Fossils of the largest penguin discovered in New Zealand | Polarjournal
The reconstruction of the two newly described penguin species illustrates the size of the giant penguin Kumimanu fordycei versus the much smaller Petradyptes stonehousei. Image: Simone Giovanardi

One of two species of prehistoric penguins newly discovered in New Zealand is the largest penguin species known to date and dwarfs those living today. An international team of researchers analyzed the fossils and estimated the average weight at 155 kilograms – more than three times that of the emperor penguin. This new discovery, published in the Journal of Paleontology, provides important insights into the evolution of penguins.

The fossils come from boulders sea-washed in North Otago on the South Island of New Zealand. Alan Tennyson of the Museum of New Zealand Te Papa Tongarewa, main author of the study, collected them in 2016 and 2017. Their age is estimated at 55.5 to 59.5 million years, which means they lived about five to ten million years after the extinction of the dinosaurs. Even for fossil penguins, they are very old, as described by Dr. Daniel Thomas, lecturer in zoology and ecology at Massey University in Auckland, New Zealand, and co-author of the study.

In total, the international team found fossil bones from nine new penguin specimens. Dr. Thomas and Dr. Simone Giovanardi, a zoologist at Massey University and also a co-author of the study, made 3D replicas of the fossils, which helped learn more about the penguins’ evolutionary history.
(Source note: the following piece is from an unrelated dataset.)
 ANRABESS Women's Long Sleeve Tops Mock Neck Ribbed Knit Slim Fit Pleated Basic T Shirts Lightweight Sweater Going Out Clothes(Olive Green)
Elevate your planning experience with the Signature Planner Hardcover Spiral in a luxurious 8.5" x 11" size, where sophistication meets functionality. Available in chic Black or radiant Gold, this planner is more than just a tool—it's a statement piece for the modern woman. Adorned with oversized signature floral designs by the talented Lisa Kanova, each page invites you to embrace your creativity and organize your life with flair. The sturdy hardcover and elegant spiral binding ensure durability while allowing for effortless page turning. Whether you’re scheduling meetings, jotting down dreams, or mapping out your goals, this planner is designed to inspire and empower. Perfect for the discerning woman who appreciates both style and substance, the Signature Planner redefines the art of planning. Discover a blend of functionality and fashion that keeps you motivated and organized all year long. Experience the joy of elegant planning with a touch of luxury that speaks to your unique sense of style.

Reconstructions of the newly described fossil penguins (left, Kumimanu fordycei, center, Petradyptes stonehousei) show the size differences from the largest penguin living today (right, Emperor penguin Aptenodytes forsteri). The recovered bones of each species are shown in white. Image: Simone Giovanardi

The largest specimen found is the newly discovered giant penguin species Kumimanu fordycei, named after Professor Emeritus R. Ewan Fordyce of the University of Otago. Using the humerus (the top bone of the wing) – the largest ever found – the team estimated the penguin weighed between 148 and 159.7 kilograms. For comparison, the largest and heaviest penguin alive today, the emperor penguin, weighs between 22 and 45 kilograms.

According to Dr. Thomas, the size of Kumimanu fordycei and the fact that the giant penguin appeared so early in the history of penguins provides important insights into their evolution. “In finding this fossil, we’re learning a lot more about the early diversity of these animals. We have found what is essentially a new ceiling for penguin body size, establishing that they got really big really early on, and that maybe evolutionary rates for body size were rapid,” Dr. Thomas said in a Massey University news release.
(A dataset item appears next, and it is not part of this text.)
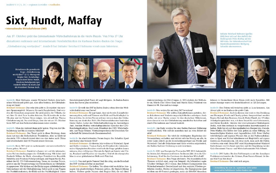Am 17. Oktober geht das Internationale Wirtschaftsforum in die vierte Runde. Von 9 bis 17 Uhr diskutieren nationale und internationale Persönlichkeiten im Kurhaus Baden-Baden die Frage: "Globalisierung wert(e)los?". insideB bat Initiator Reinhard Hofmann vorab zum Interview.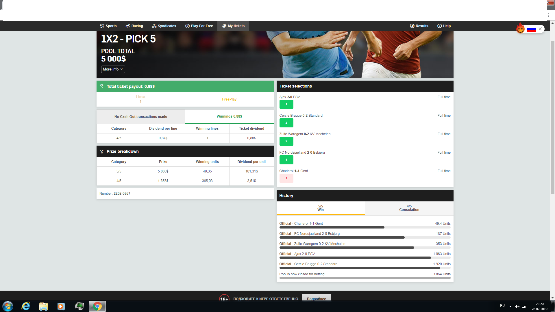 еще и в бетфейре при 4 из 5 побед давали, 9 евро, нужно было забирать, но я решил 5-ый матч подождать)) в итоге проигрыш, и дало 80 центов мдаааааааа

He goes on to explain that the discovery of this fossil provides a solid basis for speculation that the rapid evolution toward large bodies in Paleocene penguins may be due to the advantages that larger bodies offer in heat storage.

“When we start thinking of these finds not as isolated bones but as parts of a whole living animal then a picture begins to form,” Dr. Thomas says. “Large, warm-blooded marine animals living today can dive to great depths. This raises questions about whether Kumimanu fordycei had an ecology that penguins today don’t have, by being able to reach deeper waters and find food that isn’t accessible to living penguins.”

Emperor penguins already have an impressive size but against their extinct relative Kumimanu fordycei they would seem tiny. Photo: Michael Wenger

Dr. Daniel Ksepka of the Bruce Museum in Greenwich, Connecticut, lead author of the study, adds: “Size conveys many advantages. A bigger penguin could capture larger prey, and more importantly it would have been better at conserving body temperature in cold waters. It is possible breaking the 100lb size barrier allowed the earliest penguins to spread from New Zealand to other parts of the world.”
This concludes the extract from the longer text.